TASK: Without the pictures, write the listing out again exactly as it appears.

INFORMATION PROVIDED:
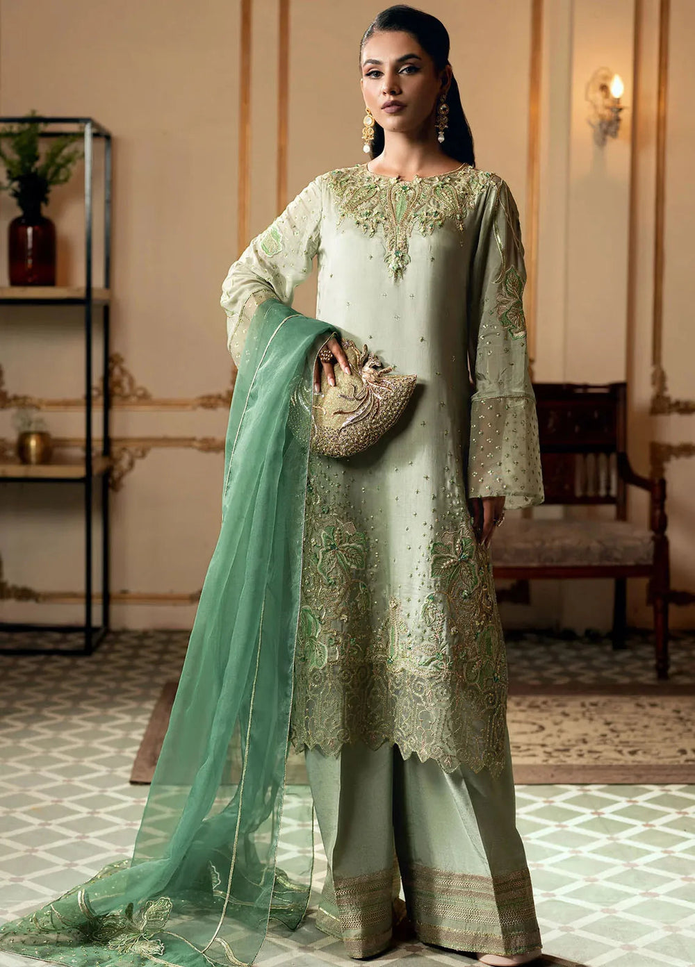 Jamnii Pret Embroidered Russian Silk 2 Piece Suit Jade Elegance
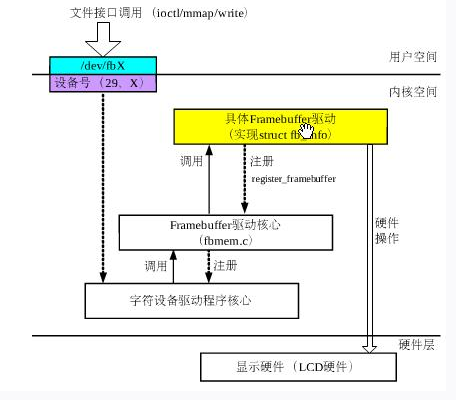 FrameBuffer 是 Linux 系统中的一种显示驱动接口。FrameBuffer 将显示硬件进行抽象,对用户表现为一块显示内存,用户空间进程可以直接操作这块内存空间完成写屏操作。FrameBuffer 在设备上表现为一个字符设备,设备节点为 /dev/fb* 。用户对设备节点进程 open、mmap、ioctl、read、write 等操作,就可以控制最终的显示输出。
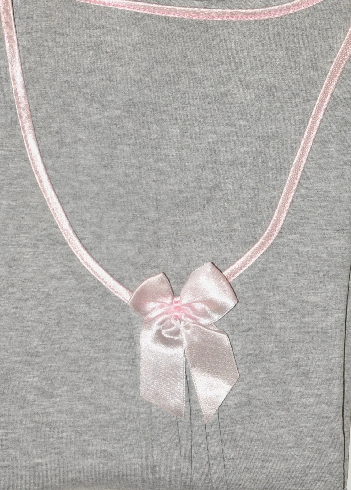 Dámske pyžamo z kvalitnej viskózy 94%, s prímesou elastanu.Vršok s dlhým rukávom, výstrih guľatý, obšitý saténovým lemom, dekorovaný mašličkou a jemným pokrčením. Nohavice jednofarebné, 3/4.
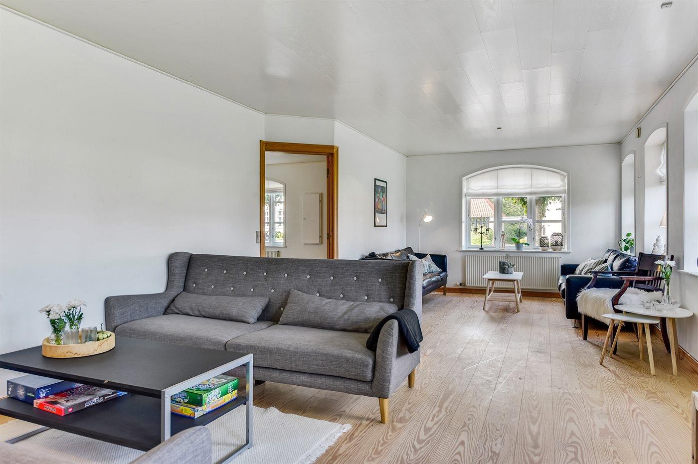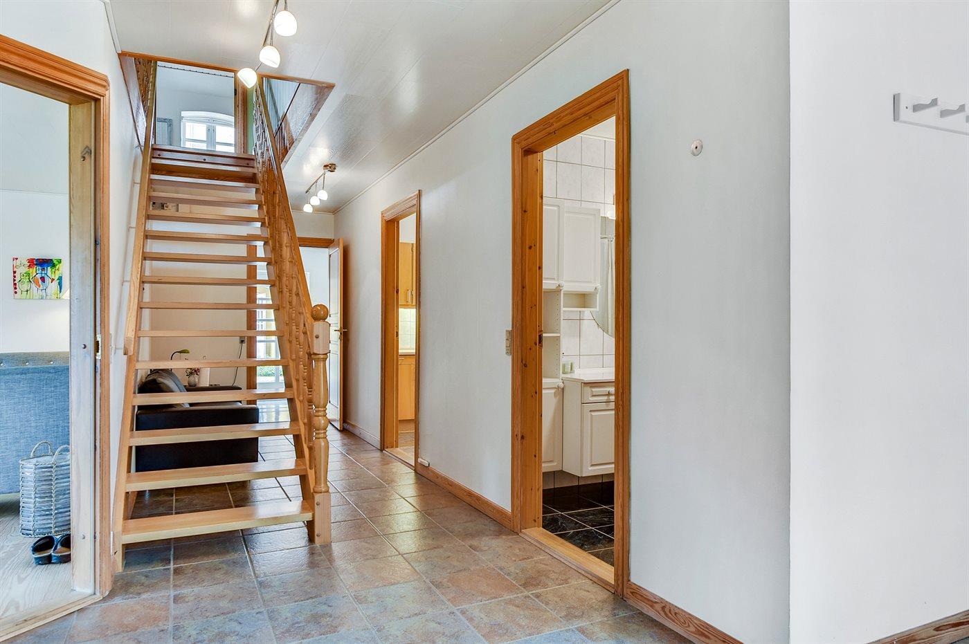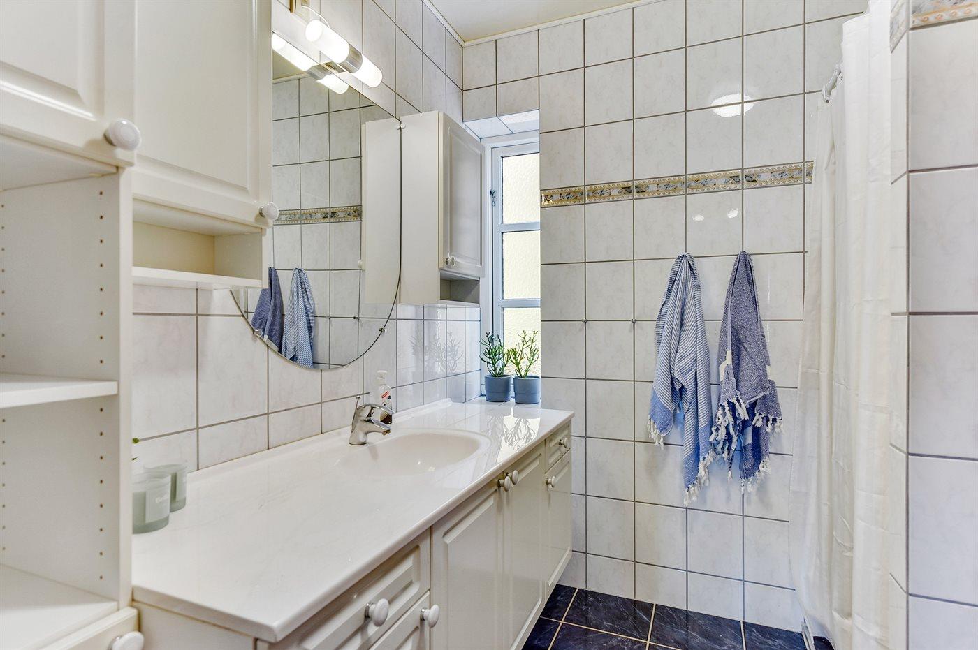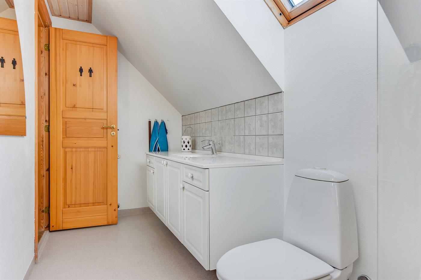 Der er 2 badeværelser med bruseniche og 2 toiletter. Der er gulvvarme på 1 badeværelse.

TASK RESPONSE:
 Jamnii Pret Embroidered Russian Silk 2 Piece Suit Jade Elegance
 FrameBuffer 是 Linux 系统中的一种显示驱动接口。FrameBuffer 将显示硬件进行抽象,对用户表现为一块显示内存,用户空间进程可以直接操作这块内存空间完成写屏操作。FrameBuffer 在设备上表现为一个字符设备,设备节点为 /dev/fb* 。用户对设备节点进程 open、mmap、ioctl、read、write 等操作,就可以控制最终的显示输出。
 Dámske pyžamo z kvalitnej viskózy 94%, s prímesou elastanu.Vršok s dlhým rukávom, výstrih guľatý, obšitý saténovým lemom, dekorovaný mašličkou a jemným pokrčením. Nohavice jednofarebné, 3/4.
 Der er 2 badeværelser med bruseniche og 2 toiletter. Der er gulvvarme på 1 badeværelse.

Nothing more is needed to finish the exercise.